A: Not [heterosexual]-looking. I said we wouldn't take a picture, regardless of their sexual preference, if the image implied that, you know, if they were holding hands or showing affection and implying that something other than one woman and one man in marriage is okay. …
Q: I believe your example was two women from a different country, if they were heterosexual—you used that term—and they were holding hands, you would take that picture.
A: We would not take that picture.
Q: You would not? Why is that?
A: Because the message of the picture communicates—regardless of the sexual orientation of the people in the photo—the message of that communicates something other than what we believe marriage should be. …
Q: What you're saying is, even outside the context of a traditional wedding, if it were merely two women holding hands, and it did not convey a message that you believed, then you would not take that picture? Is that correct? … What you're saying is, just two women holding hands, you would not take that picture, because it may convey a message that you do not believe in, even if that picture was just two women holding hands?
A: I can't answer you absolutely … but if that picture was taken, and the message could be construed or conveyed—or we felt it was being conveyed—as support for anything other than one woman and one man in marriage, then we would not take that photo.
Throughout this exchange, Sakura is pretty clear that she’s not talking about a wedding photo. She’s talking about two women holding hands outside that context.

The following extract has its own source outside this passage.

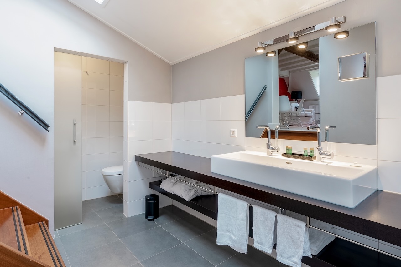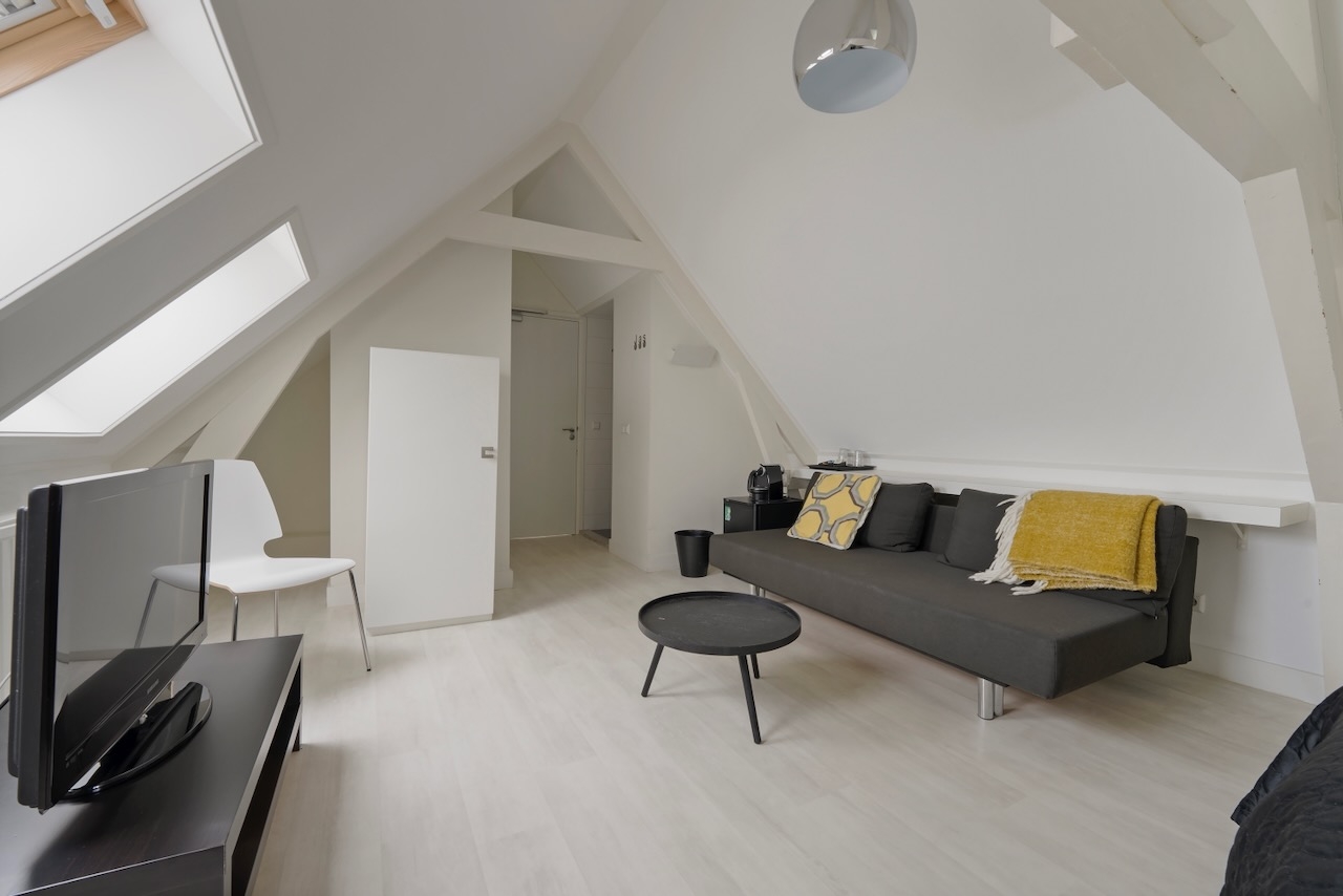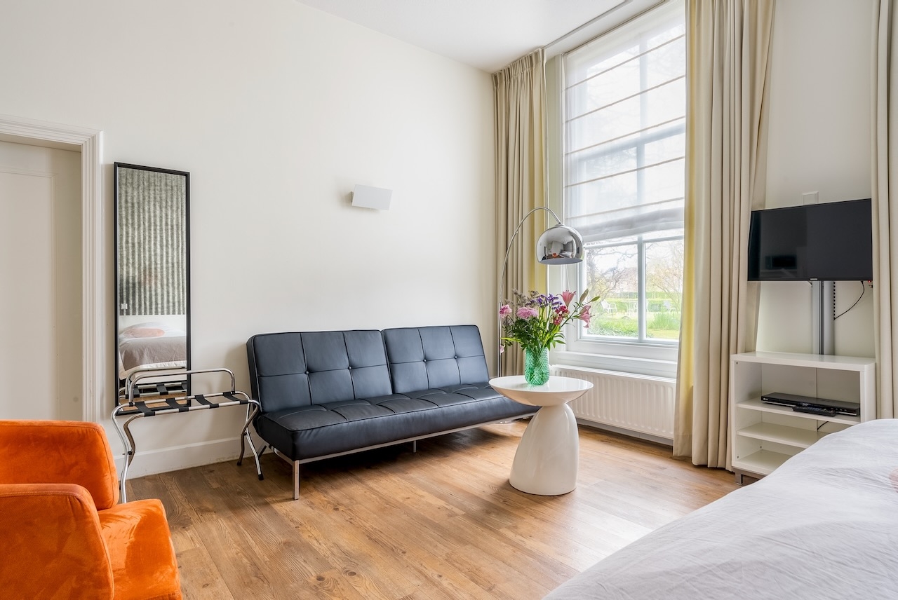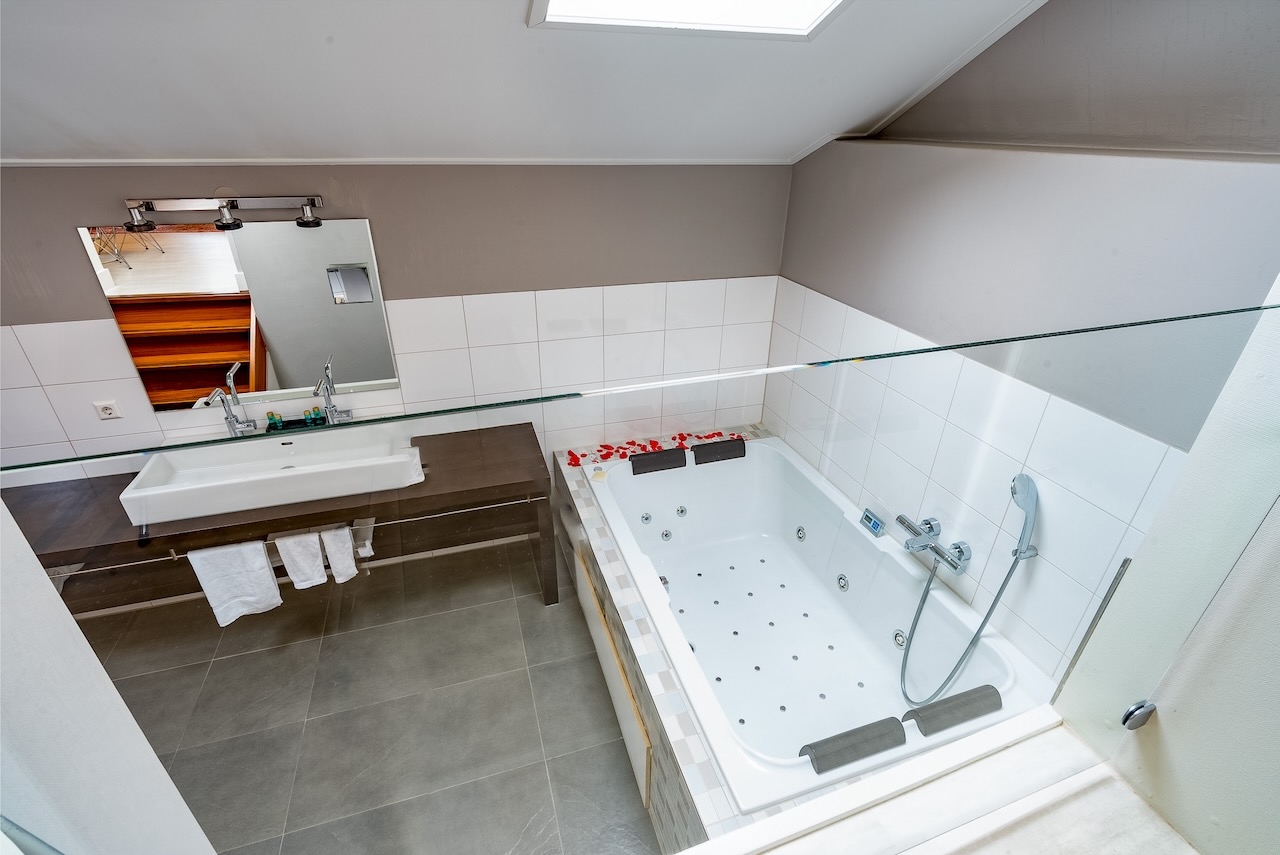 De zeer ruime Suite (50 m²) is voorzien van 1 tweepersoonsbed, televisie met Netflix, zithoek, slaapbank, kluis, kitchenette, koffie- en theefaciliteiten, koelkast en badkamer met bubbelbad, regendouche, toilet en wastafel.

And Jon Huguenin’s answer is that he wouldn’t take the picture “if they were holding hands or showing affection and implying that something other than one woman and one man in marriage is okay.” He wouldn’t take any picture if “the message could be construed or conveyed” as supporting gay marriage.
If I understand him correctly, Jon Huguenin is saying that any overt display of homosexual affection could be construed as endorsing same-sex marriage, and therefore he reserves the right to refuse to photograph any such display.

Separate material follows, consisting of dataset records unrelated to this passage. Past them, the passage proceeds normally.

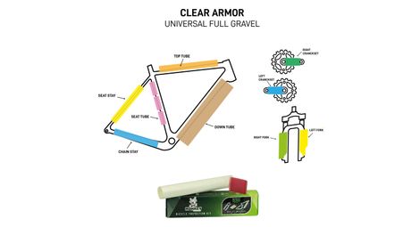 Kit universal full gravel protection cadre fourche manivellesprotegez votre gravel roulez l esprit libre concu pour les gravel modernes le kit universal full gravel monkey products offre une protection complete du cadre de la fourche et des manivelles grace a un film en polyurethane ultra resistant transparent et durable fabrique et conditionne en france ce kit universel s adapte a la majorite des cadres du marche et garantit une protection optimale contre les impacts rayures et frottements lies a une pratique engagee les produit protection complete cadre fourche et manivelles incluses pour une couverture totale concu pour les gravel dimensions adaptees aux tubes larges et aux zones d impact specifiques aux gravel film haut de gamme polyurethane auto cicatrisant epaisseur 200 microns transparent et resistant aux uv pose facile film repositionnable compatible avec pose humide durabilite maximale ne jaunit pas ne craquele pas ne se decolle pas finition professionnelle invisible une fois pose conserve le design et les couleurs du cadre fabrication francaise concu decoupe et conditionne dans nos ateliers du sud de la france contenu du kit 1 x protection tube diagonal 11cm x 59cm 1x protection tube superieur 7cm x 55cm 2x protections bases arrieres 5cm x 29cm 2x protections haubans 5cm x 29cm 2x protections de fourreaux de fourche 7cm x 23cm 2x protections de manivelles 6cm x 16cm 3x protections tubes de selle 2 5cm x 6 5cm 6x patches passage de gaines1x raclette pour une application parfaite
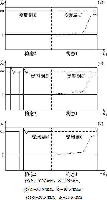 对弹簧的刚度系数k1和k2取不同值时观察等效系数函数曲线如图5所示。对比分析可知,当仅减小弹簧1的刚度系数k1时,机构在第一构态保持过程中一直处于约束状态,在第二构态的变换和保持过程中均出现随机构态;当减小弹簧1的刚度系数k1,增大弹簧2的刚度系数k2时,机构在第一构态保持过程中一直处于约束状态,在第二构态的变换和保持过程中均出现随机构态,对第一构态和第二构态均有较大的影响。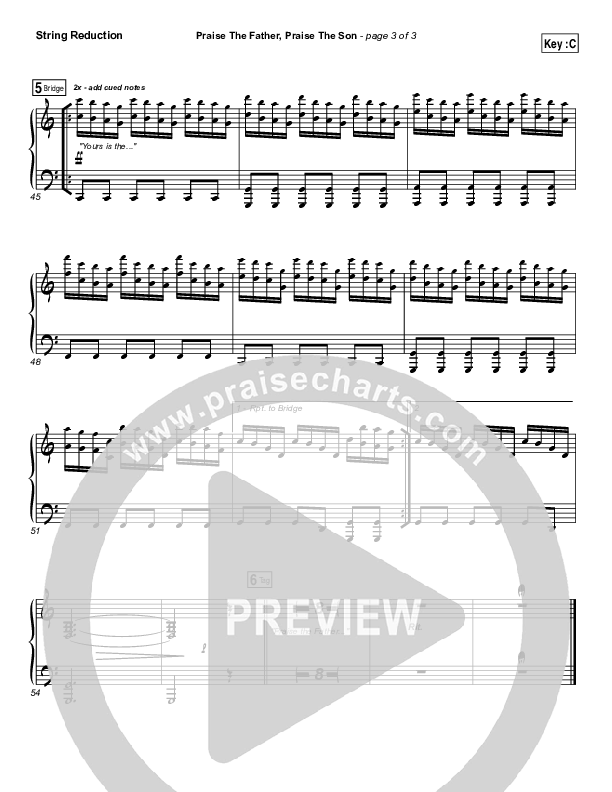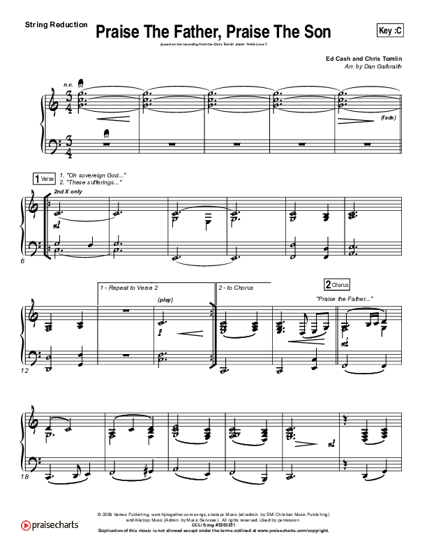 Download the Orchestration for Praise The Father Praise The Son by Chris Tomlin, from the album Hello Love. This song was arranged by Daniel Galbraith in the key of C, D, F.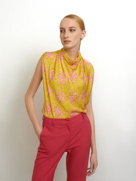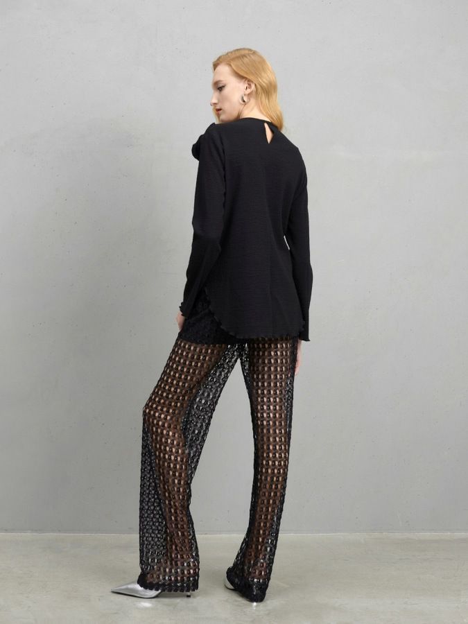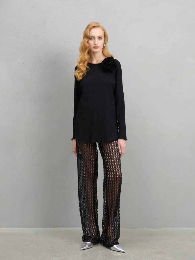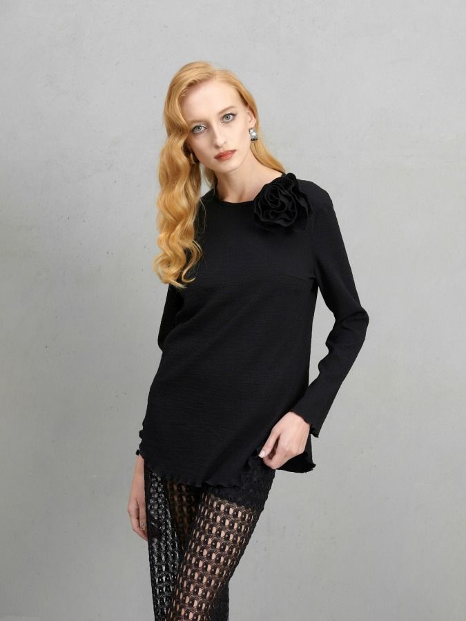 Блуза прямого силуэта с длинным рукавом. Вырез горловины круглый. Застежка в среднем шве спинки на навесную петлю с пуговицей. В боковых швах разрезы длиной 18 см. Углы разрезов скругленные. Низ рукава и блузы обработан «закруткой». Дополнительный декор в виде цветка-броши.

From my reading of the transcript, I wouldn’t call the Huguenins bigoted or hateful. But they’re certainly ignorant—they refer to homosexuality as a preference, lifestyle, and choice—and their ignorance seems to explain their misguided belief that gay marriage is some kind of cultural illness that can be managed by sending the right “messages.”
The more acute problem, legally, is that Jon Huguenin’s claims go well beyond Elaine’s. In the name of avoiding anything that could be perceived as promoting same-sex marriage, he seems to be asserting a right not to take any picture of a gay couple being gay. Imagine a photographer telling you that he’ll do your portrait but won’t take a picture of you doing anything heterosexual: no kissing, hugging, holding hands, or even meaningful glances. That’s more than a doctrine of marriage. It’s a denial of who you are.

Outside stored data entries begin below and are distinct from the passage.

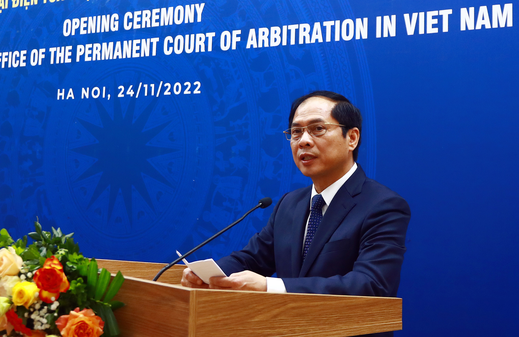 Bộ trưởng Bùi Thanh Sơn chúc mừng Văn phòng PCA chính thức đi vào hoạt động, hiện thực hóa cam kết của hai bên tại Nghị định thư năm 2021. Bộ trưởng Bùi Thanh Sơn khẳng định Việt Nam đánh giá cao vai trò của PCA là cơ quan giải quyết tranh chấp quốc tế, đã đóng góp hiệu quả và tích cực vào giải quyết tranh chấp giữa các quốc gia và giữa quốc gia với các tổ chức, bảo đảm tuân thủ luật pháp quốc tế, góp phần duy trì hòa bình và an ninh quốc tế.
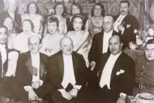 After the Russian Revolution and World War I many Persians from the Caucasus tried to escape from the Red Army to Iran. With his family ties in Azerbaijan and Iran, Ali Akbar Bahman was able to help refugees cross the border. On 26 August 1919 Ali Akbar was appointed Envoy Extraordinary and Minister Plenipotentiary of Persia to Bucharest, and then in 1921 ambassador to Belgium. From 1934 to 1935 he was Iran's Ambassador to Afghanistan, and in 1935 arranged the "Atabay Arbitration" (territorial exchanges between both countries in the Sistan-Zabulistan region).[6] In 1935 he also became Minister of Transport and with seven other members of the cabinet responsible for the 1935 commemoration stamp set.[7] Finally 1939-1943 he became ambassador to Egypt. There he arranged the marriage of Mohammad Reza Pahlavi (in those days Crown Prince of Iran) with Princess Fawzia, daughter of King Fouad I and sister of King Farouk of Egypt on 16 March 1939 in the Abdeen Palace at Cairo.[8][9]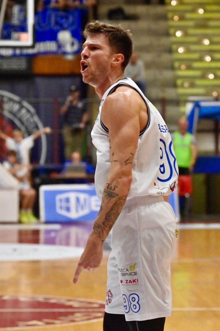 I biancoblu di Campanella tornano a vincere davanti al proprio pubblico con una bella prestazione corale costruita anche grazie ad una grande difesa contro uno dei migliori attacco del campionato (clicca qui per la classifica). Partono forte gli ospiti che mantengono i padroni di casa sotto fino al 16esimo quando una tripla di Venucci (strepitosa la prestazione dall’arco per il numero 11 biancoblu che chiude con 5/6 e 17 punti segnati) riporta sopra i suoi 29-28. Da lì punto a punto fino al terzo quarto con un Leonzio che si porta sulle spalle la squadra. Terzo quarto che si chiude sul 48-48. Ed è negli ultimi 10 minuti che i biancoblu trovano la spinta finale per allungare definitivamente. Si chiude sul 72 a 61 con un Bonacini in grande spolvero negli ultimi 10 minuti. Vittoria di spessore contro un avversario tosto e mai domo fino agli ultimi secondi.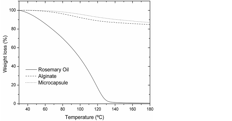 Wall material and alginatecurve presents two steps. The first one, until 100˚C is caused by the external part moisture and the second one, 100˚C - 180˚C, is due to the water present within the microcapsules.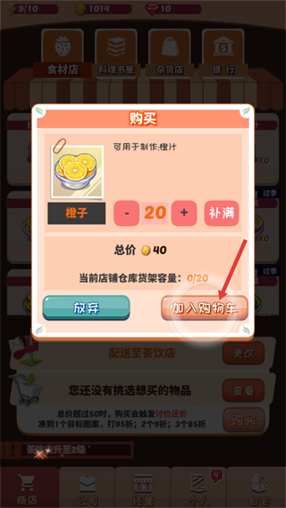 3、選中橙子后彈出購買窗口,顯示其可用于制作橙汁,單個花費20資源,可調整購買數量,確認后點擊加入購物車,需注意倉庫貨架容量避免超限。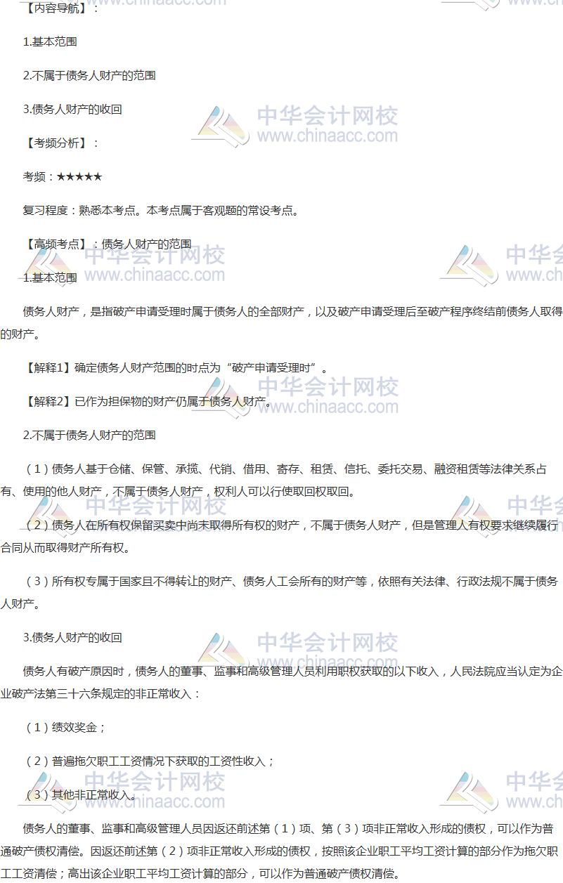 备考时间紧张,抓紧时间抓住重点备考注册会计师吧!正保会计网校教学老师为广大考生整理了高频考点,我们一起来学习2018《经济法》高频考点:债务人财产的范围。本考点属于《经济法》第八章企业破产法律制度第四节债务人财产的内容。
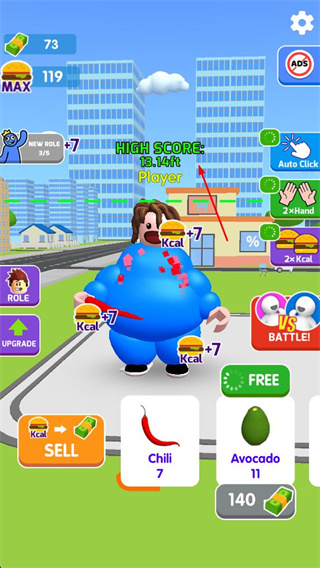 4、關(guān)注高分記錄,不斷食用食物積累卡路里,挑戰(zhàn)更高分?jǐn)?shù),同時(shí)可參與對(duì)戰(zhàn)等玩法。

Elaine Huguenin’s position, noxious as it is to many people, can be accommodated in a decent society. I’m not so sure the same is true of her husband’s. Refusing to photograph someone with the person she loves—indeed, with anyone she might love, given her orientation—is oppressively broad. It’s suffocating. It rejects too much of her, too much of what she can’t change. If the Huguenins recognized homosexuality for what it is—an orientation, not a choice—they’d understand that.